Sir William Eric Beckett, KCMG, QC (20 October 1896 – 27 August 1966) was a British international lawyer who served as Legal Adviser to the Foreign Office from 1945 to 1953.

== Biography ==
Beckett was born in Hawarden, Flintshire, the son of a land agent. He was educated at Sherborne School, before serving with the 3rd Gattalion, Cheshire Regiment during the First World War. He served in France, Salonika, and the Caucasus, and reached the rank of captain. He then entered Wadham College, Oxford, where he was a scholar, took first-class honours in Jurisprudence, and won the Eldon Law Scholarship.
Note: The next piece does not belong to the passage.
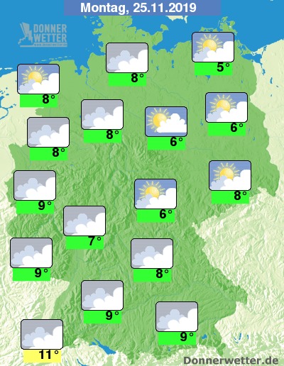 Zum Start in die neue Woche präsentiert sich das Wetter über dem Land verbreitet trüb oder stark bewölkt, nur mit etwas Glück lässt sich zwischendrin mal die Sonne blicken. Es bleibt trocken bei Höchstwerten von 5 Grad an der Müritz und bis zu 11 Grad im Oberrheingraben.

He was elected a prize fellow of All Souls College, Oxford in 1921.

He was called to the bar by the Inner Temple in 1922, joined the Foreign Office as assistant legal adviser in 1925, and was promoted second legal adviser in 1929. He played a key role in the 1930 League of Nations Codification Conference and in relation to the abolition of the capitulatory regime in Egypt in 1934. He advised the British government during the Bretton Woods Conference in 1944, and played an important part in the first three assemblies of the United Nations.

Beckett became Legal Adviser to the Foreign Office in 1945, succeeding Sir William Malkin. As Legal Adviser, Beckett was responsible for a heavy litigation program involving the United Kingdom. He led the British legal team in the Corfu Channel case, the Anglo-Norwegian Fisheries case, and the Anglo-Iranian Oil Company case, and participated in many others. He retired due to illness in 1953.

Beckett became a CMG in 1931, a King's Counsel in 1946 and was promoted to KCMG in 1948.

== Family ==
Beckett married Katharine Mary Richards, younger daughter of the international lawyer Sir Henry Erle Richards, in 1925; they had two sons and one daughter.